*Goal of the exercise*. What is needed is every line from the one holding "10일 을지로위원회와 전국공공운수사회서비스노동조합, 의료연대본부는" to the last line of the data below, printed exactly and without pictures.

*Data section*.
===
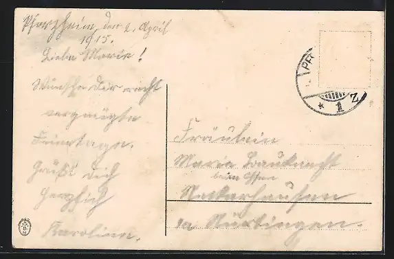 alte Ansichtskarte, gelaufen, Briefmarke entfernt, guter Zustand
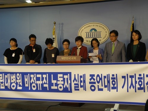 10일 을지로위원회와 전국공공운수사회서비스노동조합, 의료연대본부는 국회 정론관에서 기자회견을 통해 “민간의료기관의 모범이 되어야 할 국립대병원은 돈벌이에 눈이 멀어 비정규 확대에 팔을 걷어 붙였다”면서 “국민 건강에 악영향을 초래하는 국립대병원의 비정규직 확대 정책은 즉각 폐기되어야 한다”고 밝혔다.
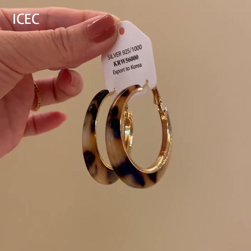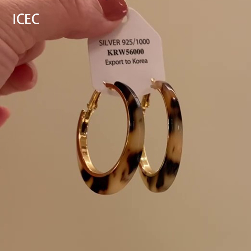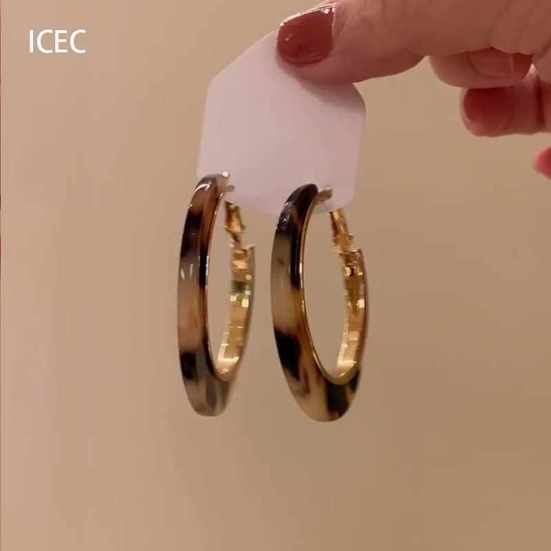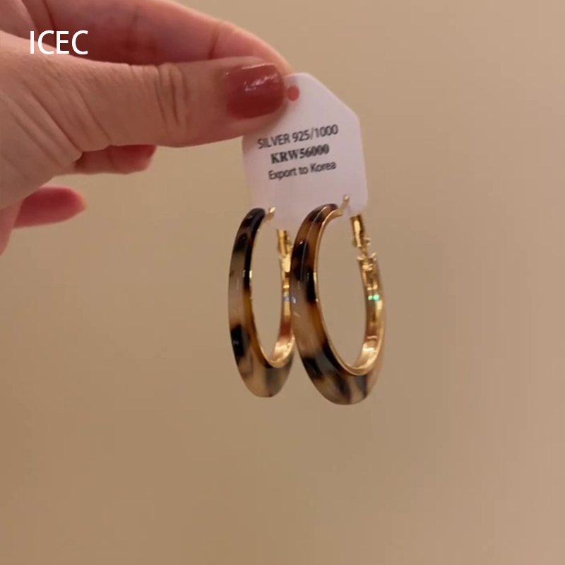 Maillard Caramel-Colored Leopard Print Hoop Earrings, Simple and Exaggerated, Suitable for Large Faces, Vintage Hong Kong Style Design Earrings
===
*Result for this exercise*.
 10일 을지로위원회와 전국공공운수사회서비스노동조합, 의료연대본부는 국회 정론관에서 기자회견을 통해 “민간의료기관의 모범이 되어야 할 국립대병원은 돈벌이에 눈이 멀어 비정규 확대에 팔을 걷어 붙였다”면서 “국민 건강에 악영향을 초래하는 국립대병원의 비정규직 확대 정책은 즉각 폐기되어야 한다”고 밝혔다.
 Maillard Caramel-Colored Leopard Print Hoop Earrings, Simple and Exaggerated, Suitable for Large Faces, Vintage Hong Kong Style Design Earrings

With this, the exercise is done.